DATA -
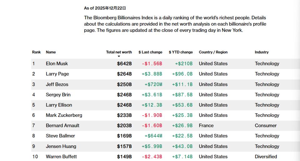 2025年12月,《福布斯》杂志发布了一组数据:这一年,全球十大富豪的财富总共增长了7000多亿美元。而其中最令人瞠目的是,仅埃隆·马斯克一人的身价就暴涨了3300多亿。这个数字比排名第二的拉里·佩奇的全部身家还要多出700亿美元。
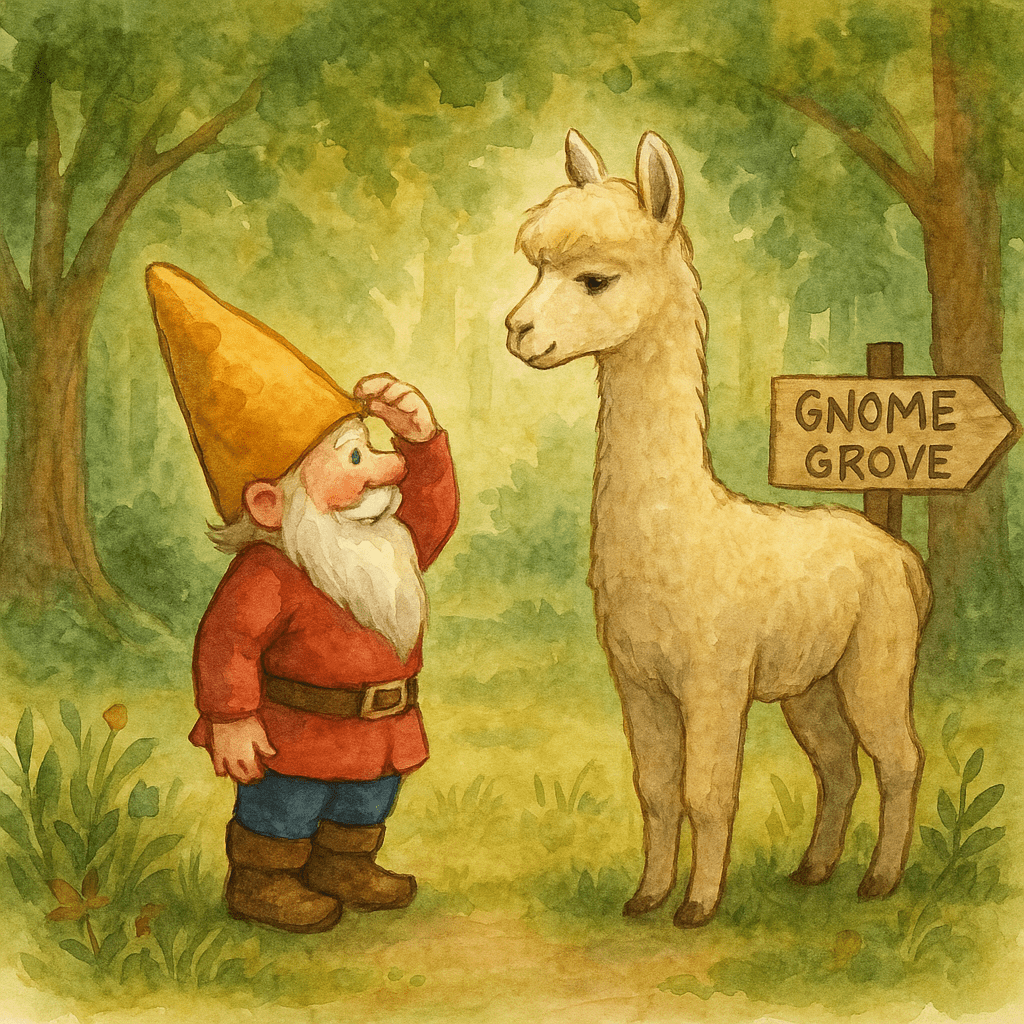 So instead of writing an alpaca story, I decided to write a gnome story with alpacas in it. Because, why not? Gnomes have opinions, alpacas have expressions, and I apparently have a soft spot for both.
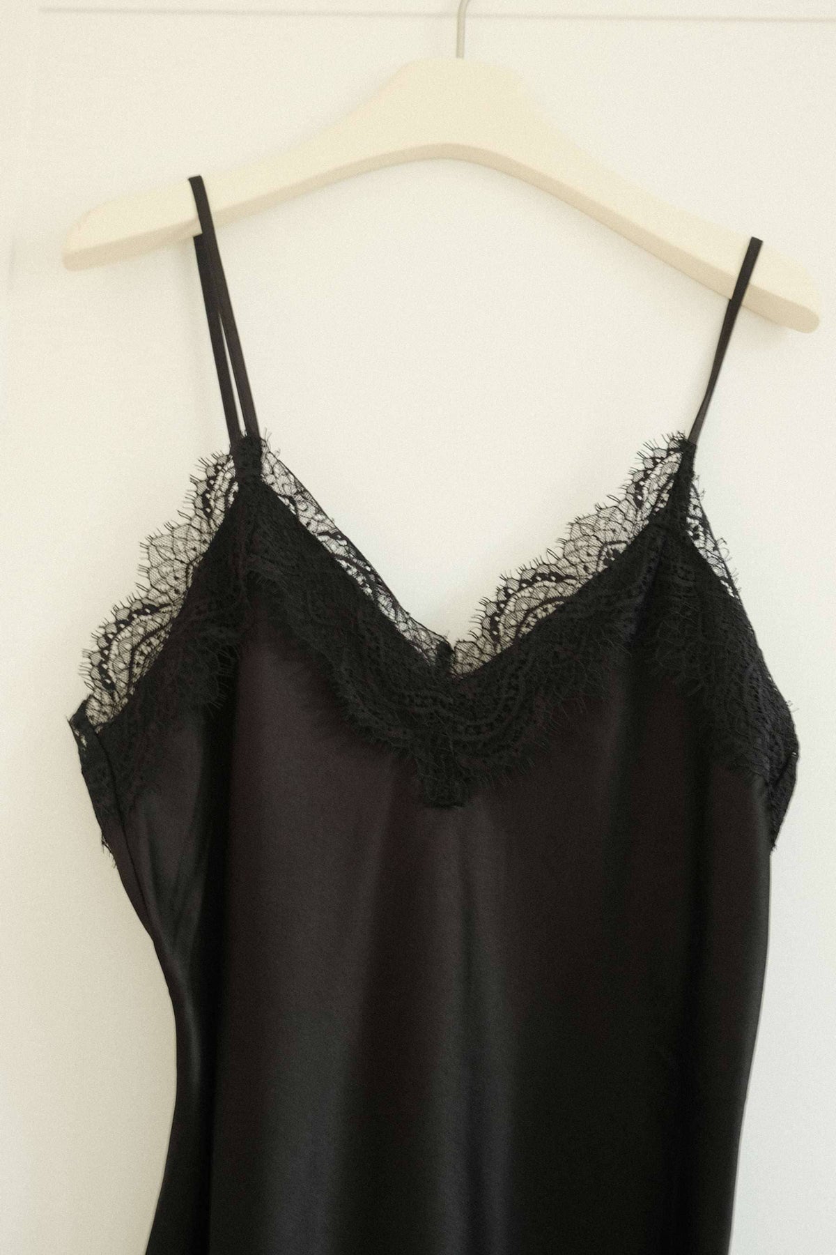 Sort kjole fra Noella i satin. Kjolen har tynde, justerbare stropper, blonde detaljer og en asymmetrisk kant, der går til knæet.

WORK TASK - With the pictures left out, give again exactly the lines from the one with "So instead of" through the end of the data, both included.

SOLUTION TO THE PROBLEM -
 So instead of writing an alpaca story, I decided to write a gnome story with alpacas in it. Because, why not? Gnomes have opinions, alpacas have expressions, and I apparently have a soft spot for both.
 Sort kjole fra Noella i satin. Kjolen har tynde, justerbare stropper, blonde detaljer og en asymmetrisk kant, der går til knæet.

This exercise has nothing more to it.